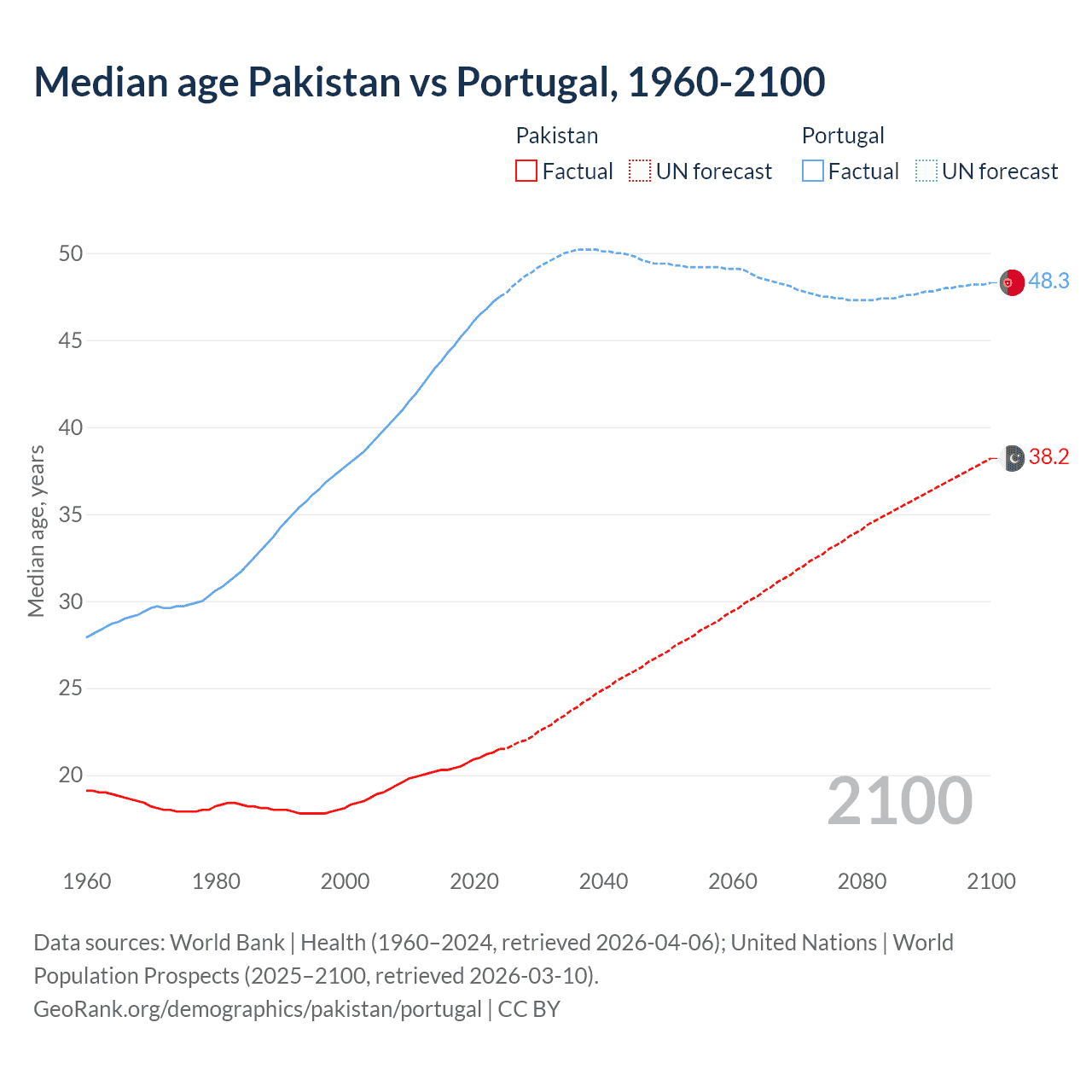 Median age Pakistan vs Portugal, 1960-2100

^^^^^^^^

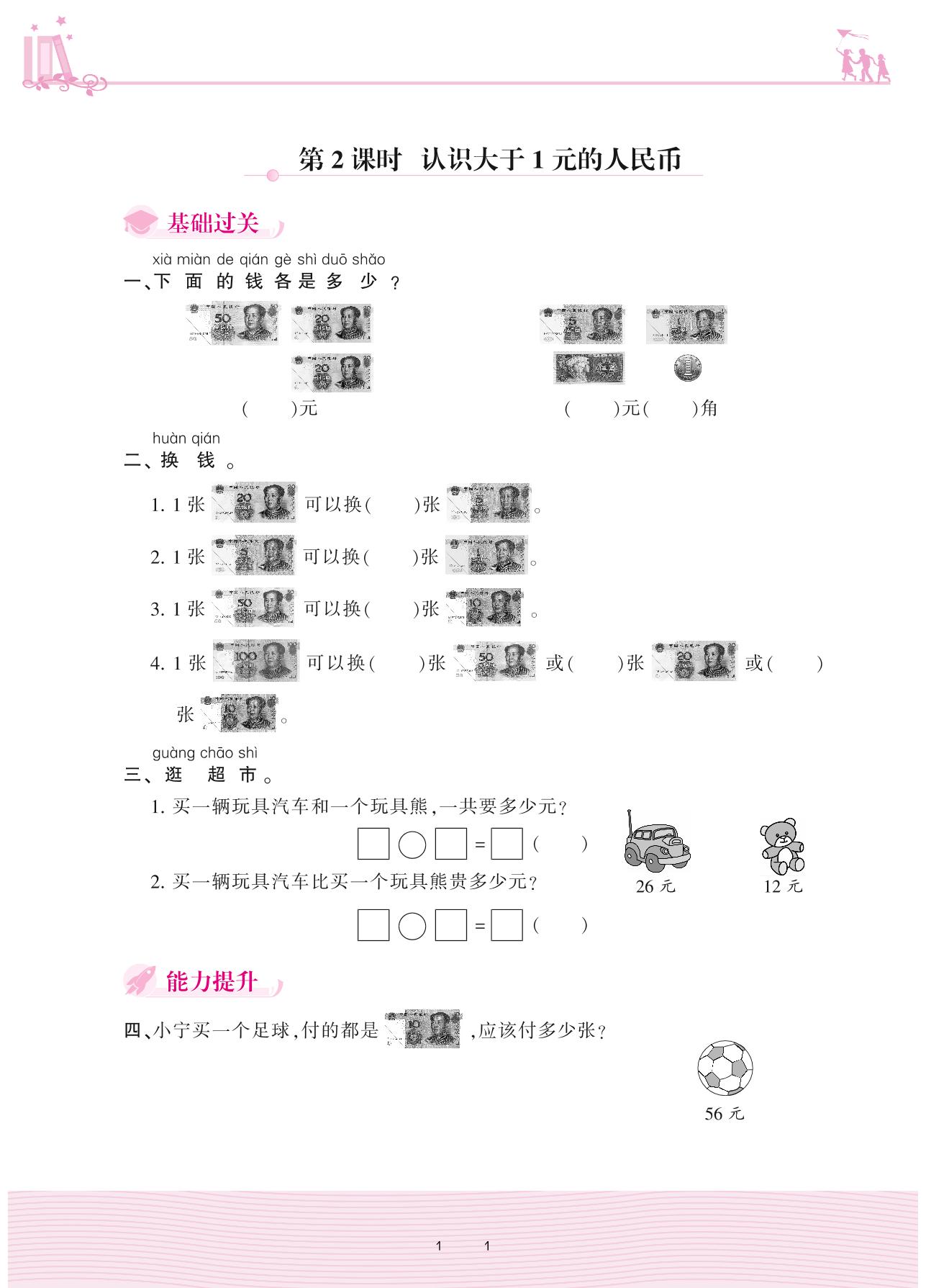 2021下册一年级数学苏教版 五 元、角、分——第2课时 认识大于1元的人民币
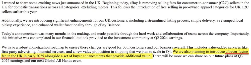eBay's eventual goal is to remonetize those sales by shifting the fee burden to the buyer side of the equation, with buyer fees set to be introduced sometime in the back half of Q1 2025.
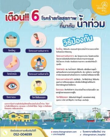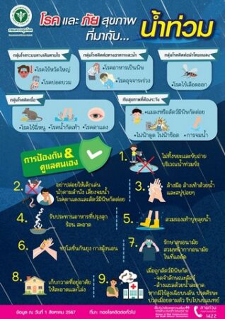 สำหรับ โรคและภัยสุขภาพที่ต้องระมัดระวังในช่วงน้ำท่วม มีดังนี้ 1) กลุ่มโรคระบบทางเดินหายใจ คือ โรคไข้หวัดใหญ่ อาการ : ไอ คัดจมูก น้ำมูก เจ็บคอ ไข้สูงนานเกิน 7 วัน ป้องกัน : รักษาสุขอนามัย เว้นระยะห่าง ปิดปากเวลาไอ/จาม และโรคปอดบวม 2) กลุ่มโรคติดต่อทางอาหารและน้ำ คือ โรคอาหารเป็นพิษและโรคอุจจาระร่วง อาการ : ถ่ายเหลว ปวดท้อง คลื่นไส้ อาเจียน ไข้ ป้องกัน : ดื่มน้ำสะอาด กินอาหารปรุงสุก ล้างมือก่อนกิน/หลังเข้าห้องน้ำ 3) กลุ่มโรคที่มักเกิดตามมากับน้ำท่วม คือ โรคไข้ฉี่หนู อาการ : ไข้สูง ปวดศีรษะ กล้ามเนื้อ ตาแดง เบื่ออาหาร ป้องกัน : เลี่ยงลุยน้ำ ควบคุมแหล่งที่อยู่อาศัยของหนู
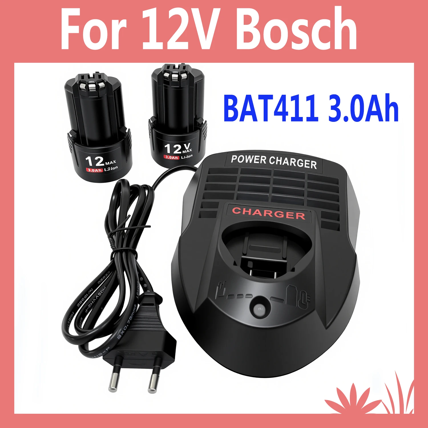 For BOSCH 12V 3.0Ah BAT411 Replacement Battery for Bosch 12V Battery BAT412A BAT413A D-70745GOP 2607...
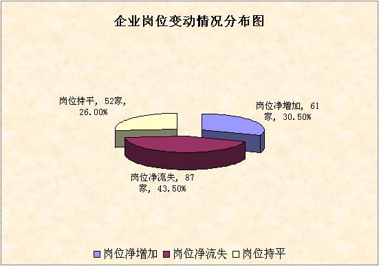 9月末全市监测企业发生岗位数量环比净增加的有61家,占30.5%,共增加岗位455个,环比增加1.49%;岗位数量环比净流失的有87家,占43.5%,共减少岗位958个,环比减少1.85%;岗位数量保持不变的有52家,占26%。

^^^^^^^^

Task description — Of the lines above, quote exactly those from the one with "For BOSCH 12V 3.0Ah" through the one with "9月末全市监测企业发生岗位数", ends included; pictures stay out.

Completed exercise —
 For BOSCH 12V 3.0Ah BAT411 Replacement Battery for Bosch 12V Battery BAT412A BAT413A D-70745GOP 2607...
 9月末全市监测企业发生岗位数量环比净增加的有61家,占30.5%,共增加岗位455个,环比增加1.49%;岗位数量环比净流失的有87家,占43.5%,共减少岗位958个,环比减少1.85%;岗位数量保持不变的有52家,占26%。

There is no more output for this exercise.